A move of five thousand miles is both big and small. When it is not being done, it seems small. It is a place in your mind. You can see one thing, imagine another and then the expansion stops. The imagination circumscribes itself with the limits of your own sight–the limits of your senses both physical and essential. It is, in fact, enormous in its scope.
I had been taking it one small chunk at a time. I allowed myself only one variable at a time, trying to push aside all the other possibilities of the failure of ventures, large swings of fate. The way seemed clear. Getting rid of all the clothes that were not absolutely essential. Trying to sell and then giving away hundreds of books, winnowing, winnowing down through the levels of friendship until there were five or six boxes–still too many. Unpacking all the boxes, full of mildew, where I’d stored the leavings of my children’s childhood, reading, discarding, treasuring, crying with joy or grief at its passing, saving what I could not part with for the moment, sending some to my children, going back to some after weeks and finally throwing them quickly in the trash. Giving away so many little treasures, things I’ve held on to through moves and phases of life.

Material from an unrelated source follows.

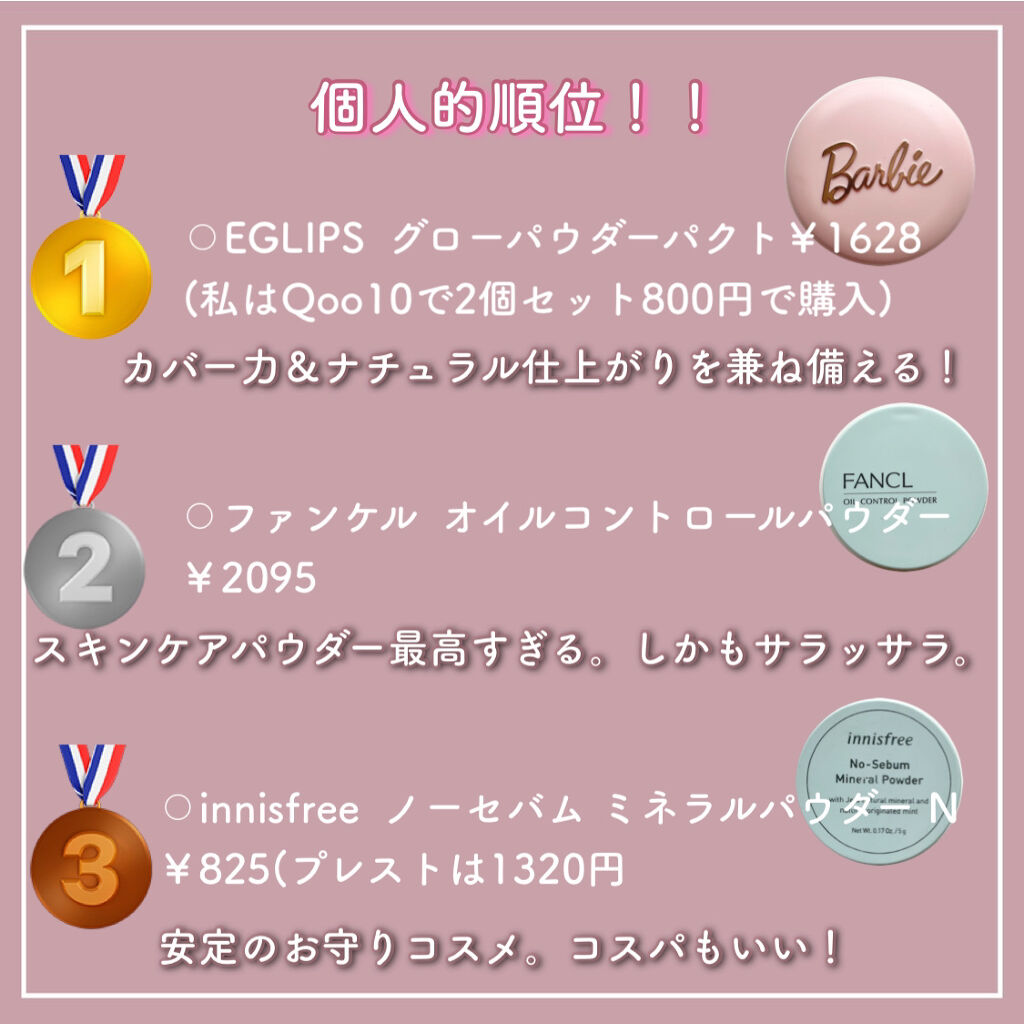 今回はそれぞれをカテゴリー別に分けてレビュー&比較し、最後にトップ3まで順位をつけたので、ぜひ最後まで見て頂けたら嬉しいです😉 キャンメイク マシュマロフィニッシュパウダーML ¥1034 タイムシークレット ミネラルプレストパウダー ¥1980 毛穴パテ職人 エッセンスBBパウダー ML モイストラスティング ¥1540 EGLIPS グローパウダーパクト ¥1628(ちなみに私はQoo10EGLIPS公式サイトで2個セット800円で購入しました。私のものはバービーとのコラボパケです!) d プログラム 薬用 エアリースキンケアヴェール ¥3520 マキアージュ ドラマティックルースパウダー ¥3850 innisfree ノーセバム ミネラルパウダー N ¥825(プレストは1320円) 資生堂 ベビーパウダープレスド ¥350 アクネオ 薬用 スキンケア パウダー ¥3080 ファンケル オイルコントロールパウダー ¥2095

Getting estimates for shipping things to France, it becomes clear that unless the emotional connections to things, to their history, have true value, something beyond the mere presence of stuff, unless they add to some crucial continuity of social life, then they will need to be left behind, gone or perhaps delayed in storage. Even photos. Even childhood treasures. What is really needed to maintain the connection with the past of family and the history of love? All those who have left behind everything to save themselves and their families—amidst all the grief of loss, alongside the anguish, can there somewhere be a deep sense of relief, a deep settling-in to what is?
I will continue to lose sleep until I understand this calculation deeply. It never ceases to amaze me where the true work of life lies, day after day, moment after moment. This evening, a pair of young eagles have alighted in the cottonwood tree at the top of the hill overlooking our back field, perching for hours in their strong, solid way and looking out over the surrounding sky and landscape. Maybe they are examining a new territory, experiencing with their expansive perception where to make their new home. They have brought nothing with them except the dust that gathers on their feathers after flight.
Oh Toni, what a herculean task…I so admire your courage and strength in taking it on and wish you success in all those decisions, large and small, about what to discard and what is worth keeping. Good luck!